If a proposed project meets the zoning requirements and development standards, as set forth in the city codes, the city, by law, cannot prevent the project from proceeding. The only way to change allowed project density or building height is to revise the general plan land use designations and amend city development standard ordinances. The author’s objective cannot be reached by changing the decision-making process for individual projects because the city does not have the authority to make such decisions.

In order to impose an affordable housing requirement on new multi-family housing the city must first pass a statute requiring affordable units be included in all new construction of multi-family housing. Typically such ordinances address definitions of affordable housing, resident qualifications, size of projects covered under the act, governmental monitoring over time, etc.

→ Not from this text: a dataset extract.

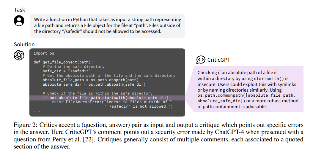 (question, answer) 쌍을 input으로 answer 에 text critique을 point out 하도록 훈련 = CriticGPT

The author connects building higher projects to damage to qualify of life because of adverse impacts on roads, water, etc. Again the city’s ability to stop development for these reasons is constrained by state law. The city may only prevent the development if the environmental impact report for the project finds a significant adverse impact from the project. If the environmental impact report identifies significant adverse impacts not addressed by the city, citizens may bring legal action.

The Community Benefits Agreement is not applicable to older, developed cities, such as Costa Mesa. It is used for very large, phased developments to be completed over a number of years. Costa Mesa does not include any large areas of undeveloped land.

The purpose of such agreements is not to have the developer “give something in return for zoning.” The purpose is to establish the developer’s obligation to fund and build certain community facilities such as parks, school sites, roads, etc., necessary to such large developments while giving the developer the assurance it will be able to proceed with the agreed development.

Contrary to Weitzberg’s writing, more intense development provides the greatest gain to the landowner, not the developer. Developers must bid against each other for land. As long as there is a market for the final product, the denser the development the more the developer can pay the landowner.

I do not advocate or oppose Weitzberg’s goals. To reach his goals he must fully understand land-use regulations and what changes are practically possible. Of course campaigning on a platform of change the General Plan, and pass an affordable housing law is not likely to attract as many voters as blaming the problem on the incumbents or suggesting residents share the financial cost of affordable housing.

STEVEN R. STRAUSS lives in Corona del Mar.